They both looked up to see Tomas sitting on a pine limb far, far above them. His hair was a mix of ambers and browns, his skin tawny, like he had a golden tan. Then Devlin spotted his sister on a nearby limb, her back against the tree’s massive trunk, one leg dangling, the other stretched out. Her head was tipped to one side. Her eyes were closed.

“No need to bring her down,” Emma said, and then she crouched and sprung, rocketing high, her aim sheer perfection, her coordination, mind boggling for one so young. She landed easily on the limb, then she crawled closer to the girl.

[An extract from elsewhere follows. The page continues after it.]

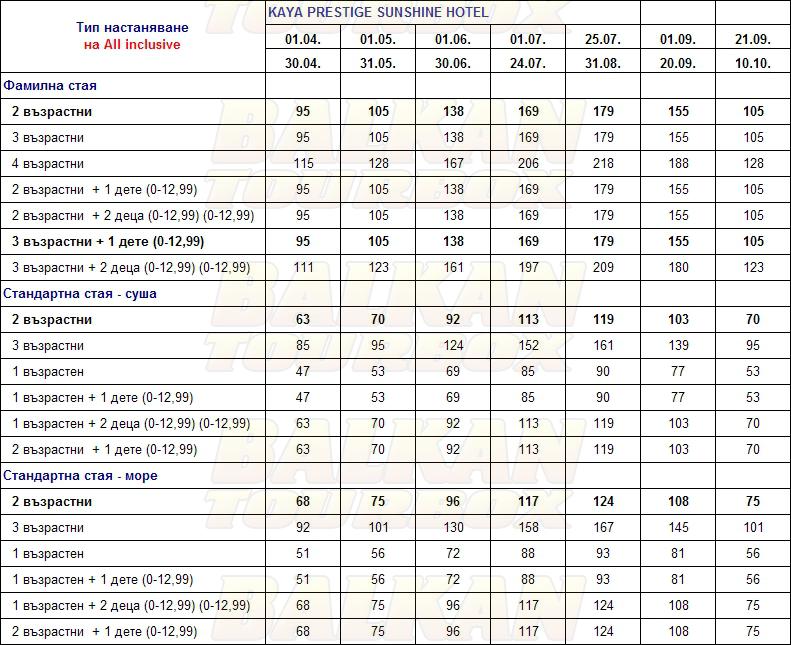 За места в хотела и калкулация на цена ни трябват точни дати от/до, брой нощувки, колко възрастни и деца в стая, навършени години на децата. Ползвайте бутона - Резервирай за да видите всички цени Или се обадете на 02 / 950 22 05, 02 / 980 1004, 0885 596 067
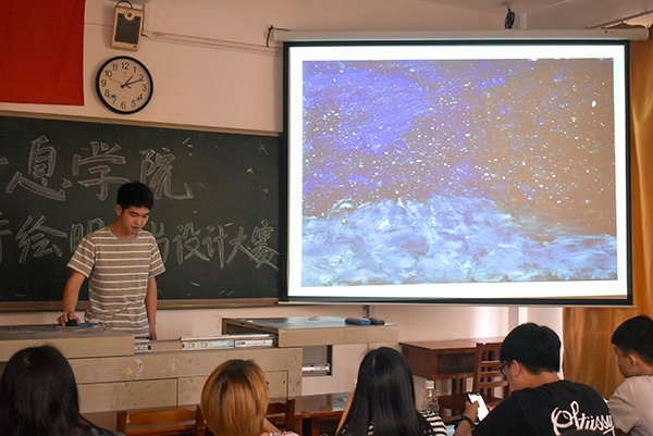手信手绘作品主要围绕“学习贯彻十九大精神”、“学雷锋、创佳话”、“青春派——我的大学,我的梦”等三大主题进行设计。经过初赛的激烈角逐,共有20名选手成功晋级决赛。决赛中选手们以PPT的形式展示参赛作品,每张手绘不仅内容充实,设计形式也极富创意。其中,给观众影响最深刻的便是17电信2班罗爱玲,她的作品以青春梦想为基调,蓝色天空代表对未来的憧憬,纸飞机代表梦想,内容贴切生活富有感染力。16软件3班凌晓慧以清晰的思路讲解了其作品的寓意及色彩,真情实意,引起现场大家的共鸣。17电商技术1班朱浈洁的作品也让观众眼前一亮,她以风趣幽默的讲解词突出其作品“致青春,双手成就梦想”的主题,同时通过星空背景与充满青春风采的音乐带动现场气氛,赢得观众热烈掌声。

Devlin jumped up too, pushing off a bit crookedly from his one good leg, not that he was needed. Emma seemed to have things well in hand. She was pushing Tara’s blouse aside and examining a bullet wound, small and neat, in the girl’s abdomen. She looked at Devlin, her eyes grim. “She’ll die if we don’t get her some help.”

“Only her human half,” her brother muttered.

“What does that mean, exactly?” Devlin asked.

Tomas pressed his lips. “No one can help her. Get out, leave me to my grief.”

“Someone can help her,” Emma said quickly, then looked to Devlin. “The vampiress Rhiannon has powers way beyond what most of us have.”

Devlin was sure he hadn’t told her that. And she hadn’t been around Rhiannon long enough to have learned it from her. More of her research, he suspected. Rhiannon was legend among their kind.

“She’s not here, though, is she?” Tomas’s tone was sarcastic and venomous.

“No, but she’s not far from here. There are others with her. Friends. If Rhiannon can’t help, maybe one of them can. What do you have to lose by letting them try?”

He stared at his sister, tears in his eyes. “Everything,” he whispered.

“No, Tomas. You have nothing to lose. She’s dying either way. But you have everything to gain if one of our friends can save her.”

He stared at her for a long time. Devlin knew he wouldn’t withstand the sincerity and caring in those deep brown eyes of hers. No man could. He wasn’t sure any living thing could.

Predictably, Tomas nodded. “You can carry her to the ground more easily than I. She can’t shift just now to get down on her own. Land gently.” And with that, he jumped from the limb on which he sat, his body twisting and morphing as he went, until he landed in a pile of deep brush. Devlin glimpsed fur, thick and gray. Or did he?

He glanced at Emma, whose huge eyes were wide with amazement. She felt his gaze on her, he thought, because she returned it.
What did he shift into
? she asked silently.

He shrugged.
Take care, Emma. I don’t trust them.

She smiled.
You don’t trust anyone, Devlin
. Then she nodded toward the girl. “You take her. You have more experience landing gently than I do.”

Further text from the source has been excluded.